The intellectual background of Germán Sierra and Agustín Fernández Mallo in the case of technology is very similar. Their philosophical and aesthetic principles, as posthumanism, postindustrial society, and the fact that interaction with technology is a main theme in our lifes, is present in the writings of both authors. They also share the idea that technology could be a complement to writing. However, their point of view on technology differs.
Both consider technology products as ethically neutral. But from Sierra's perspective, the use of technology by humans is fundamental in order to define the ethical practices that interact with technology, from Fernández Mallo's perspective the lack of morality of technology includes its use.
This main difference is determined by the cultural and biographical influences of both authors.

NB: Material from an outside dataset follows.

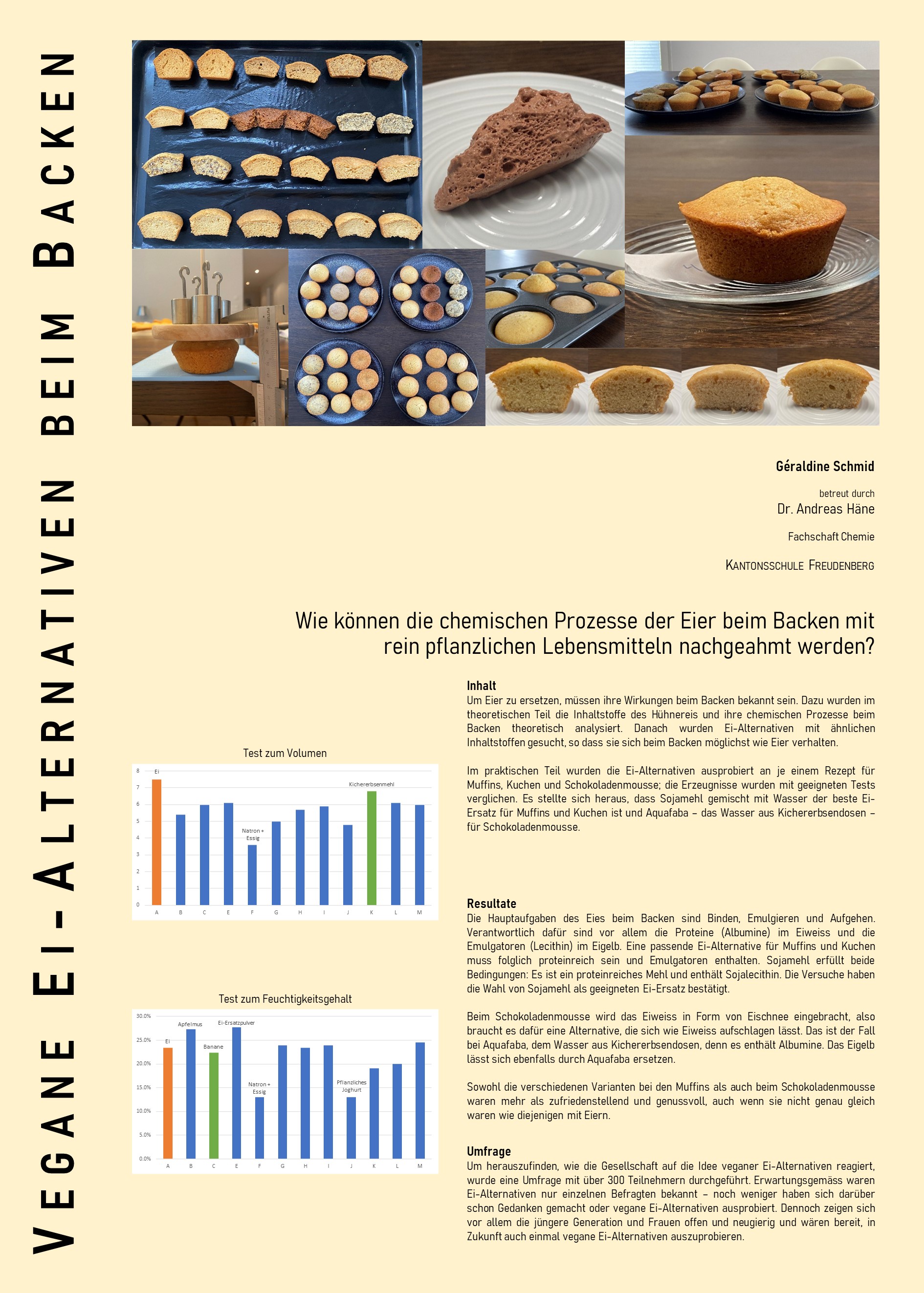 Der Klimawandel ist ein allgegenwärtiges Thema, und viele machen sich Gedanken, wie sie klima-freundlicher leben können. Eine Möglichkeit ist, den Konsum tierischer Produkte zu reduzieren. In dieser Arbeit geht es konkret um den Ersatz von Eiern beim Backen, da vegane Ei-Alternativen bisher wenig bekannt sind. Es wurden verschiedene Ei-Alternativen getestet und verglichen. Gesucht wurde sowohl eine Ei-Alternative für Kuchen und Muffins als auch eine für Schokoladenmousse. Um die optimale Alternative zu finden, wurden zuerst die Inhaltsstoffe des Eies theoretisch analysiert. So wurde rasch klar, welcher Inhaltsstoff für welche Wirkung des Eies beim Backen verantwortlich ist. Dann wurden mögliche Alternativen gesucht, die diese Wirkungen mit Hilfe ähnlicher Inhaltsstoffe nachahmen können. Die Ei-Alternativen wurden in mehreren Versuchsreihen auf ihre Eignung getestet. In den ersten vier Versuchen lag der Fokus auf einer passenden Ei-Alternative für Muffins und Kuchen, im letzten Versuch ging es um die Ei-Alternative für ein Schokoladenmousse. Es stellte sich heraus, dass für Muffins und Kuchen Sojamehl am besten als Ei-Ersatz geeignet ist; bei Schokoladenmousse ist es hingegen Aquafaba – das Wasser aus Kichererbsenbüchsen, das sich wie Eiweiss aufschlagen lässt. Zusätzlich wurde eine Umfrage über die Akzeptanz von veganen Ei-Alternativen durchgeführt. Wie erwartet, ist das Thema für die Mehrheit der Befragten neu. Dennoch können sich vor allem die jüngere Generation und Frauen vermehrt vorstellen, künftig einmal vegane Ei-Alternativen zu verwenden.

While Sierra is notably influenced by Anglo-Saxon postmodern narrative, especially by authors such as Don DeLillo, J. G. Ballard and William Gibson, in whose writings the criticism against bad uses of technology is very powerful, Fernández Mallo is influenced by late postmodern philosophers and poets, whose perspective of technology is aesthetic and timeless. Or in other words, while in Sierra’s work there is evidence of criticism against technology derived from criticism against the Cold War, Fernández Mallo grows up in an atmosphere fascinated with technology in which fears related to a nuclear war decrease in favor of global capitalism.